Por Cobertura – 22/06/2021 as 13:09 – André Dabus – Diretor de Infraestrutura da Marsh Brasil
Um dos ambientes mais carentes de inovações no setor de infraestrutura envolve as garantias necessárias para obtenção de financiamento em projetos. Para entender o porquê dessa lacuna no mercado, é preciso traçar um histórico observado nas últimas décadas.
Até os anos 90, a grande maioria das obras de infraestrutura do país eram financiadas pelas empresas de engenharia que venciam as licitações e utilizavam seus balanços para dar lastro aos contratos de financiamento necessários para execução das obras e serviços de engenharia. Contratadas pelo Estado, as empresas executavam as obras, recebiam as medições de acordo com a evolução do cronograma e, quando não tinham capital suficiente, recorriam a novos contratos de financiamento junto aos bancos privados e/ou de desenvolvimento, visando recursos para abastecer seu caixa.
O modelo funcionou bem até a crise fiscal que assolou o país na segunda metade da década, fazendo com que o Estado perdesse sua capacidade de financiamento. A Emenda Constitucional n. 95/2016 contribuiu definitivamente para este cenário, impondo limites para os gastos públicos.
Para evitar a situação de desequilíbrio fiscal crônico, um conjunto de leis e dispositivos regulatórios foram criados para impedir que a União, Estados e Municípios gastem mais do que arrecadem, limitando assim os investimentos públicos em infraestrutura. Desta forma, tornou-se uma missão quase impossível o ente público contrair diretamente empréstimos para execução de obras de infraestrutura, forçando uma transição do modelo clássico de financiamento “Corporate Finance” para o “Project Finance”, em que a própria estrutura de recebíveis do contrato dá o lastro para o investidor obter os recursos financeiros necessários para o desenvolvimento do projeto.
Durante este período de transição, surgiram novas estruturas para financiamento de projetos, tais como as debêntures incentivadas de infraestrutura, organismos e agências multilaterais de credito e fomento, além dos bancos estaduais de desenvolvimento e do próprio BNDES.
No entanto, a estrutura de garantias para permitir o acesso ao crédito, salvo raríssimas exceções, mantém-se ancorada nas tradicionais cartas de fianças bancárias, que, além dos custos elevados, oneram o limite de crédito dos investidores junto às instituições financeiras.
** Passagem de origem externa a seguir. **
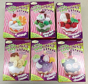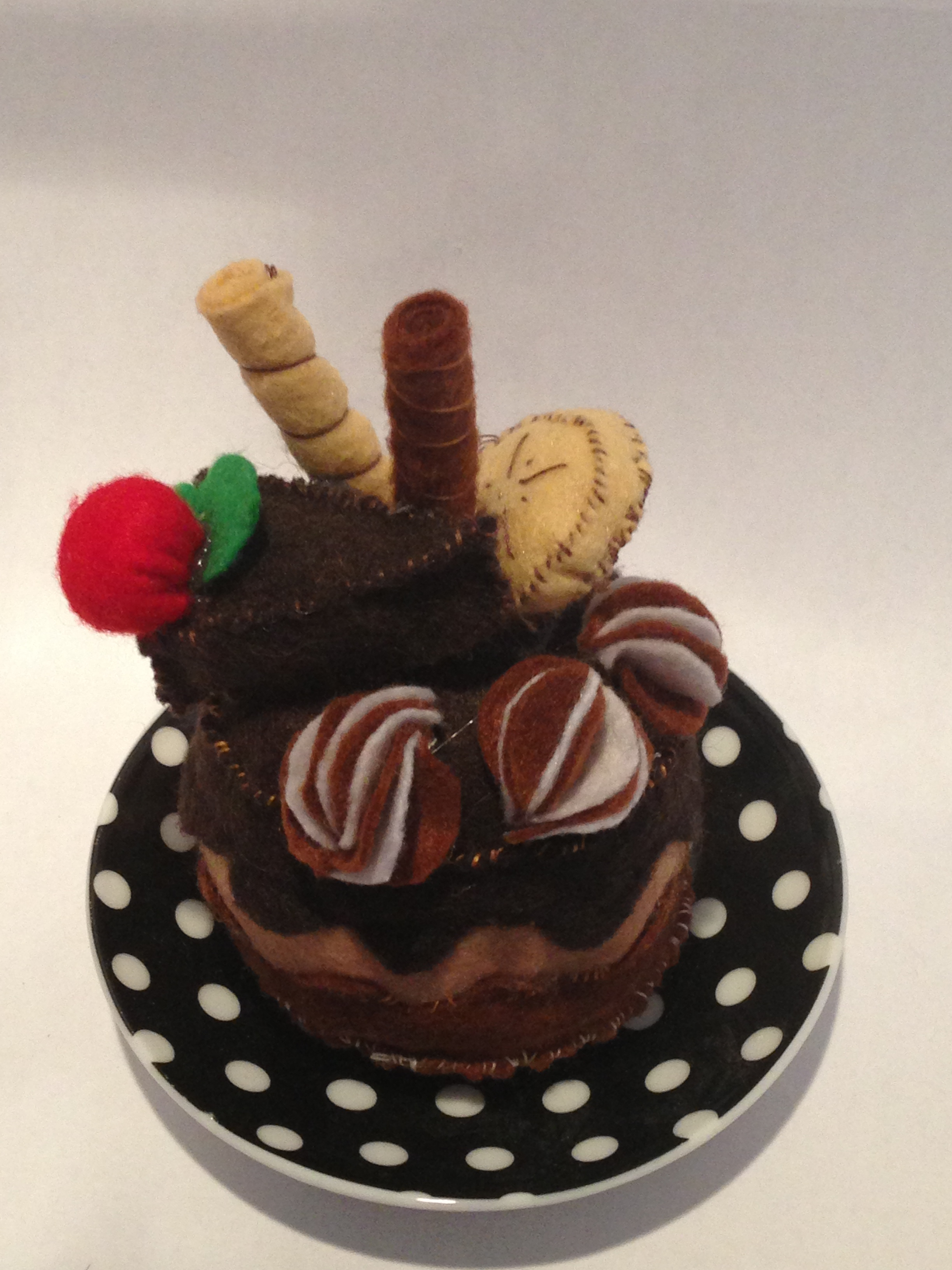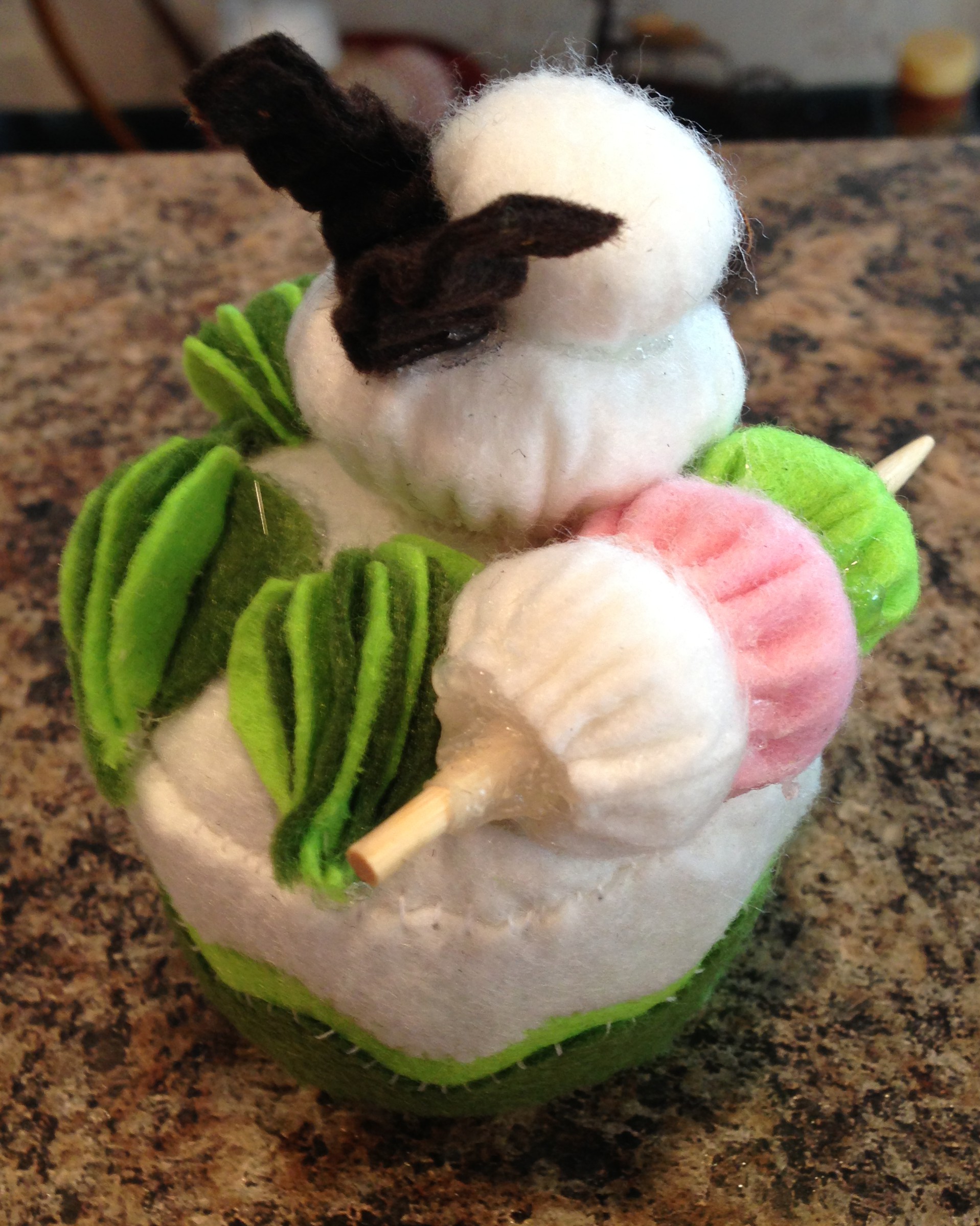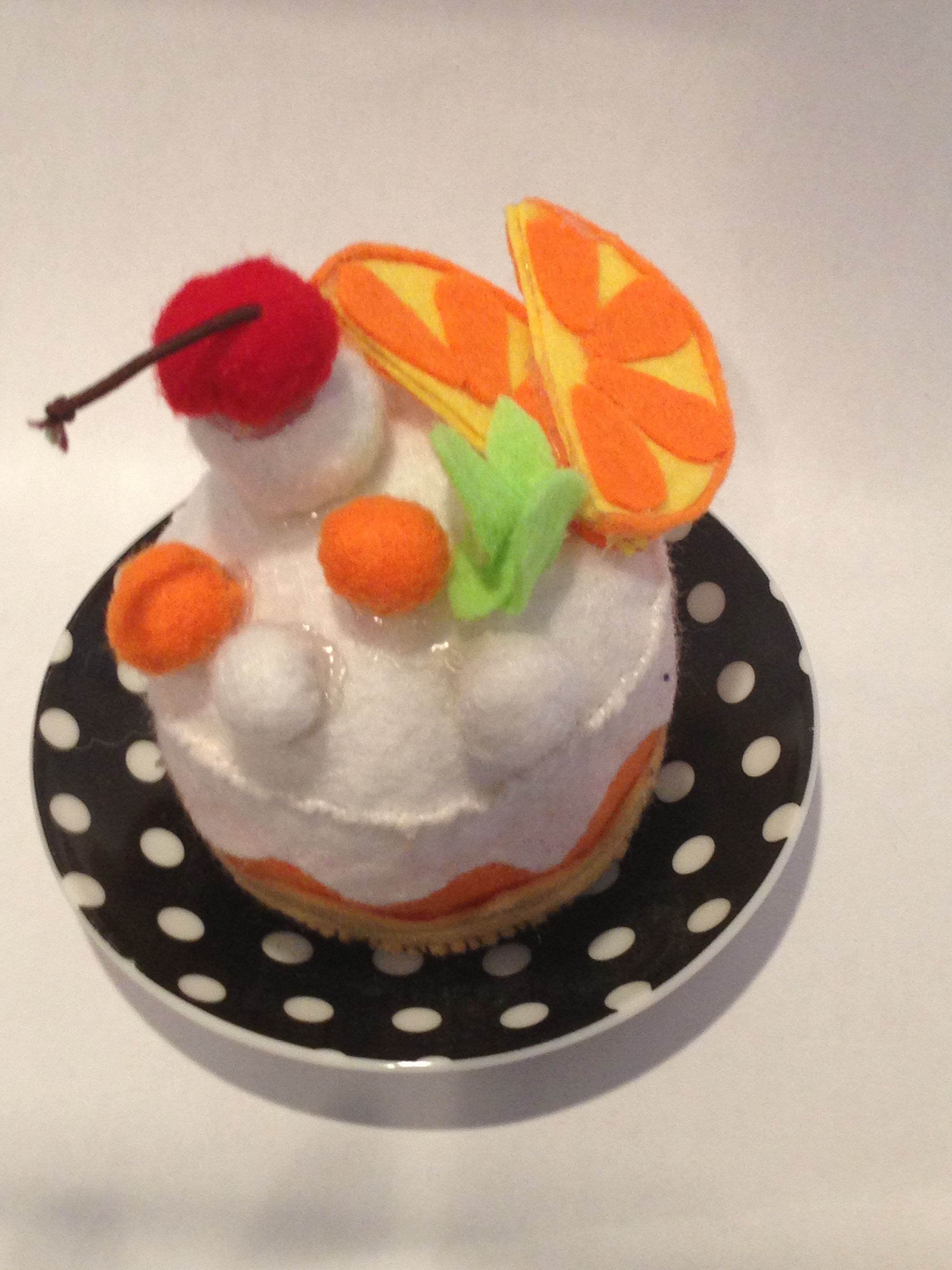 Last I sewed some adorable little cakes out of felt. We got these at the Dollarama too. I have a few of these kits, but so far I have only made three of them. Secret: After about the first half hour of sewing these babies, I just gave up and hot glued the whole hot mess together. It was about eight hundred times faster and easier, and it still looks exactly the same. Don’t tell anyone.

Sendo assim, para a grande maioria dos investimentos em infraestrutura no Brasil, a cultura do Project Finance Limited-Recourse mantém-se como regra geral, enquanto não for possível a viabilização do Project Finance – Non Recourse.
Ao longo dos últimos anos, a Marsh realiza pesquisas no Brasil e no exterior para desenvolver e aplicar modelos de apólices de seguros e de garantia, visando a proteção do financiador, principalmente na fase “pré completion”, com a finalidade de garantir a implantação do projeto em conformidade com termos e condições do contrato de financiamento. Como exemplo, citamos a Colômbia, que já considera o Seguro de Garantia Completion Bond como alternativa para garantias em financiamentos de projetos.
Durante o mês de abril, como parte de nossa estratégia, organizamos em conjunto com o GRI Club, entidade que reúne os principais players dos setores de infraestrutura, um webinar para obter novos subsídios sobre o tema, contando com a participação do BNDES e de investidores nacionais e internacionais. As discussões foram muito produtivas, e concluímos que o mercado segurador brasileiro poderá contribuir ainda mais, criando novos modelos de apólices de seguros necessárias para proteção dos investidores, financiadores, reguladores e beneficiários. A recente resolução 407 do CNSP Conselho Nacional de Seguros Privados, que desregulamentou a contratação de seguros de grandes riscos no país, será fundamental para estimular o desenvolvimento de novos clausulados e modalidades de seguros.
O desenvolvimento da infraestrutura no Brasil dependerá não somente de recursos financeiros de curto, médio e longo prazo, mas também de instrumentos de garantias inovadores, para que investidores nacionais ou internacionais possam obter recursos financeiros através de estruturas de Project Finance, sem necessidade de utilização das cartas de fiança bancária em todas as etapas do projeto.